Wernher von Braun's sketch of a three-stage rocket used to transport a satellite to orbit, to be auctioned off by Bonhams.
Sketches, diagrams, and letters from the pioneering rocket scientist Wernher von Braun will be auctioned off Wednesday.
German-born Von Braun is most famous in America for leading the project to design the rockets, including the Saturn V, that enabled America to land on the moon.
Bonhams auction agency in New York will auction 35 documents von Braun created for a series of articles called "Man Will Conquer Space Soon!" that ran in Collier's magazine between March 22, 1952 and April 30, 1954. Some of the plans and sketches, such as a diagram of a three-stage satellite vehicle, were created as source material for illustrations accompanying the article. The whole collection is estimated to value between $15,000 and $25,000.

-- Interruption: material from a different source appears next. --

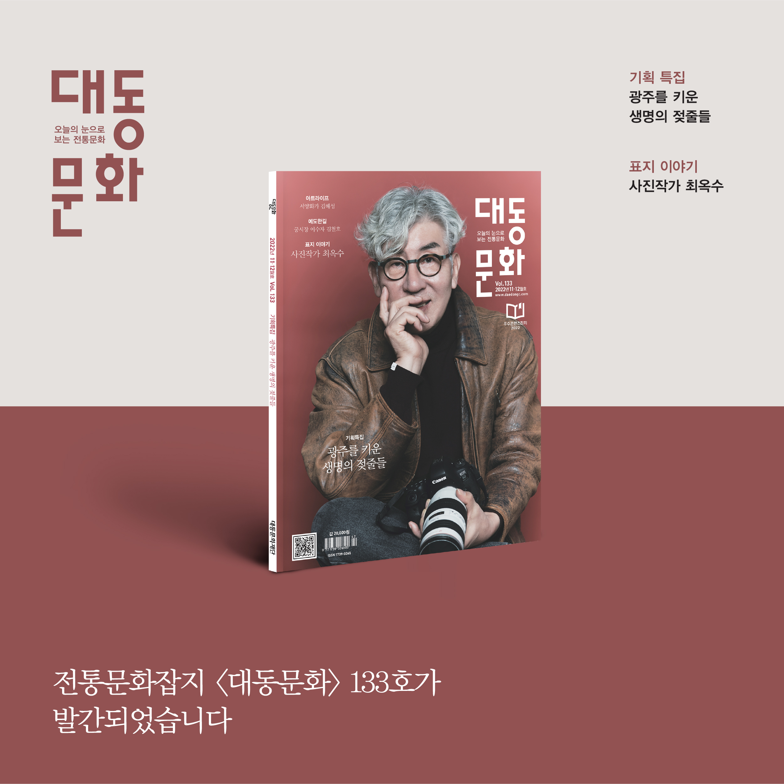 <대동문화> 133호에서는 광주를 키운 젖줄들 을 돌아보고 물의 생명력과 소중함을 돌이켜봅니다. 표지이야기에서는 대동문화의 표지사진을 책임지던 최옥수 사진작가 의 모습과 사진 인생 이야기를 담았습니다.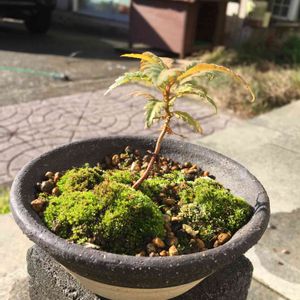 庭に芽を出した覚えのない植物 葉の形が面白いので盆栽風に植えてみた 春になったら何かがわかるかも?!

"Reading von Braun's thoughts and speculations on the future of space travel and seeing his handwritten diagrams and sketches, some of which are surprisingly basic, is rather amazing and a clear testament to his spirit of exploration," said Bonhams spokesperson Staci Smith.
Despite his significant contributions to America's space program, von Braun's legacy is clouded by his association with Germany's Nazi Party during World War II. He led the team that developed Germany's V-2 rocket weapon, and was an honorary officer in Hitler's SS police force.
After the war, von Braun and members of his German rocket team immigrated to America, and von Braun became a U.S. citizen in 1955. He joined NASA and served as the first director of NASA's Marshall Space Flight Center in Huntsville, Ala., helping to guide America's quest for the moon and inspire public support for the space program.